Władze giełdy po rozmowach z Komisją ustaliły, że wprowadzone będą specjalne mechanizmy zabezpieczające giełdę przed grą na spadki. W następstwie kryzysu w roku 2008 r. szereg giełd i nadzorców rynku na świecie zawiesiło bowiem krótką sprzedaż, tłumacząc, że inwestorzy specjalizujący się w tego typu transakcjach prowadzą do bardziej dramatycznych zmian indeksów, niż wynikałoby z fundamentów.
GPW zdecydowała, że transakcje krótkiej sprzedaży będą zawieszane na poziomie jednego papieru lub całego indeksu, jeżeli na giełdzie wystąpią „istotne spadki cen”, a udział tego typu zleceń w całym obrocie będzie „wysoki”. – Zakładamy, że będzie to 3 proc. w przypadku spadku indeksu WIG lub 10 proc. w przypadku konkretnego emitenta. Drugim warunkiem będzie to, aby zlecenia krótkiej sprzedaży stanowiły co najmniej 20 proc. całego obrotu na giełdzie – wyjaśnia Adam Maciejewski, członek zarządu GPW. Brokerzy przyznają, że na spełnienie tej drugiej przesłanki trzeba będzie jeszcze trochę poczekać.
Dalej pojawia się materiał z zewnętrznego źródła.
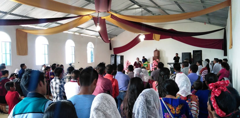 Los hermanos de la comunidad de Ixbán, han logrado construir un templo nuevo, en el mismo lugar en el que se encontraba el templo anterior, mucho más pequeño y de materiales más sencillos.

Według prezesa Ludwika Sobolewskiego transakcje krótkiej sprzedaży ruszyć mogą za kilka tygodni. Kluczowa dla powodzenia projektu będzie teraz budowa systemu pozwalającego pożyczać papiery wartościowe między inwestorami na potrzeby takich transakcji. Teoretycznie największymi pakietami akcji, które zalegają w portfelach i nie są sprzedawane, dysponują fundusze emerytalne. OFE zgodnie z obowiązującym prawem nie mogą jednak pożyczać walorów. Dlatego GPW liczy na TFI i dużych inwestorów.